Thank you for insulting the intelligence of most of the commenters here, we sure appreciate when an expert lectures us on our mis-virtue.

Sigh. Seriously? Virtually none of us here are anticapitalist OR tree-huggers. We like big companies fine, we don't like being gouged or jobbed by them. And we know exactly how the modern business world works because many of us are part of that world.

To that end, we certainly know "planned obsolescence" when we see it. I know damn well it lives in my iPhone and MacBook Pro. To be clear, I love them and use them exclusively for personal and professional work. I made a fortune financially over the years by using both for my writing and photographic enterprises.

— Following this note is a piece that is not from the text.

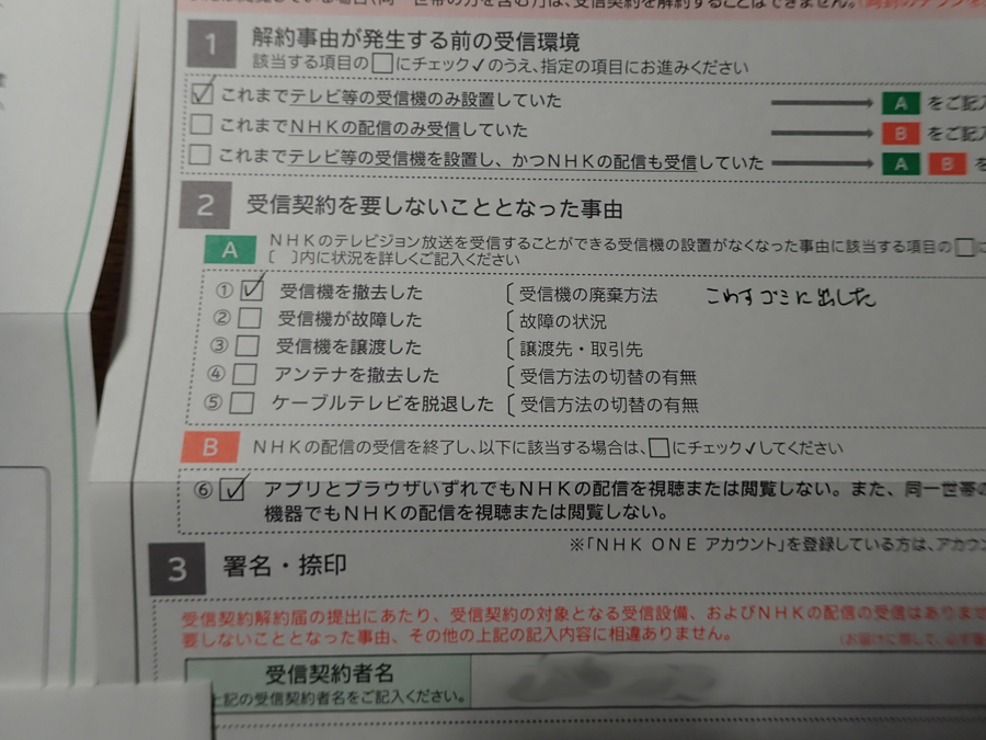書類が送られてくるまで1週間かかるのは、地域スタッフがチェックに来るためかもしれない。アンテナ撤去ならアンテナを見に来るだろうし、受信機撤去の場合は、クルマのフロントガラスに貼られたフィルムアンテナを見に来るかもしれない。

But their planned obsolescence is no myth. The cases and hardware will stand up for years, so they will not become obsolete easily. The software that powers them is a different matter, and THAT'S what makes the rest obsolete years before their time. How?

1. Companies quit supporting products more than X years old. Someone happy with his or her iPhone 5 or 6 can no longer get software upgrades, and if the phone quits working, tough luck. A user prefers Windows 95 to any modern version? If the Blue Screen of Death shows up, you're shit out of luck, 95 is no longer supported by MS tech. The physical computer itself would click along another 20 years--aluminum lasts forever. But the inability to run new software on older components means you have to toss everything and start over.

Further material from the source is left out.